Data obtained from the mice following return to Earth also indicated some alternations in immune functions. Analysis of the spleenocytes (immune cells produced by the spleen) indicated an increase in B-cell (a white blood cell that matures in the bone marrow and, when stimulated by an antigen, differentiates into plasma cells) production compared to T-cells (white blood cells that complete maturation in the thymus and have various roles in the immune system). A slightly lower white blood-cell count in the flight animals compared to the controls was not statistically significant. The spleen mass was 18% to 28% lower in flight mice compared to controls. Results also indicate that flight mice weighed 10% to 12% less than ground controls (Pecaut et al. 2003).

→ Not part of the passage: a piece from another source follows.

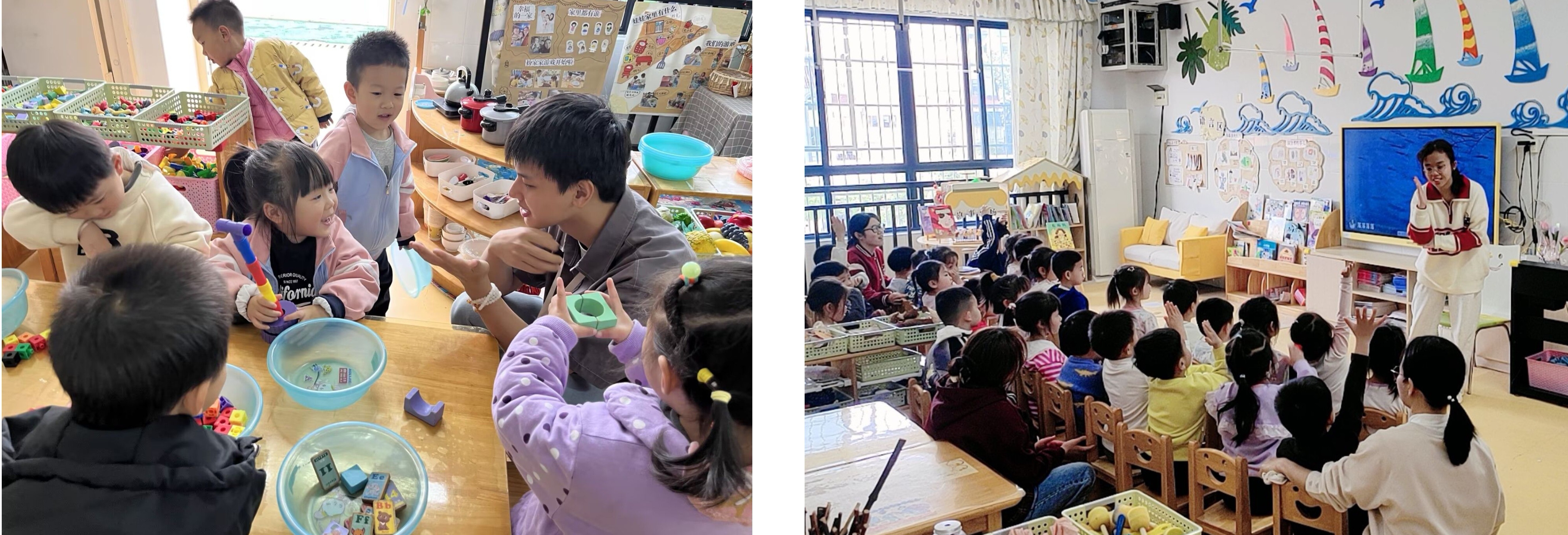 教育见习期间,同学们积极参与了幼儿园的日常工作,包括协助管理、组织活动、课堂教学等,认真学习一线教师的活动组织方式和问题处理机制。通过实践操作,同学们收获良多,进一步提高了自己的教学技能和管理能力。

and the second article, where the experiments were flown on the same STS-118 mission from which Lebsack et. al. obtained their results :

Commercial Biomedical Testing Module-2 (CBTM-2) (Principal Investigator(s): H.Q. Han, M.D., Ph.D., Amgen Research, Thousand Oaks, Calif.
David Lacey, M.D., Amgen Research, Thousand Oaks, Calif. on Expedition 15. (p122-123)

CBTM-2 examined the effectiveness of an experimental therapeutic in preventing muscle loss in mice that were exposed to microgravity.


Certain T- and B-cell counts from the spleens of the flight animals were also low, and the natural killer cells were increased. Analysis of cancer-related genes in the thymus from the flight animals showed that 30 out of 84 genes were expressed differently after flight.

These results were published here: Gridley DS, Slater JM, Luo-Owen X, Rizvi A, Chapes SK, Stodieck LS, Ferguson VL, Pecaut MJ. Spaceflight effects on T lymphocyte distribution, function and gene expression. J Appl Physiol. 2008 Nov 6.

Overall, the results indicate that long term space flight poses two serious problems for astronauts: their immune system becomes less capable under microgravity; and the bugs become more capable.

These problems will need to be resolved before humanity ventures very far into the Solar System.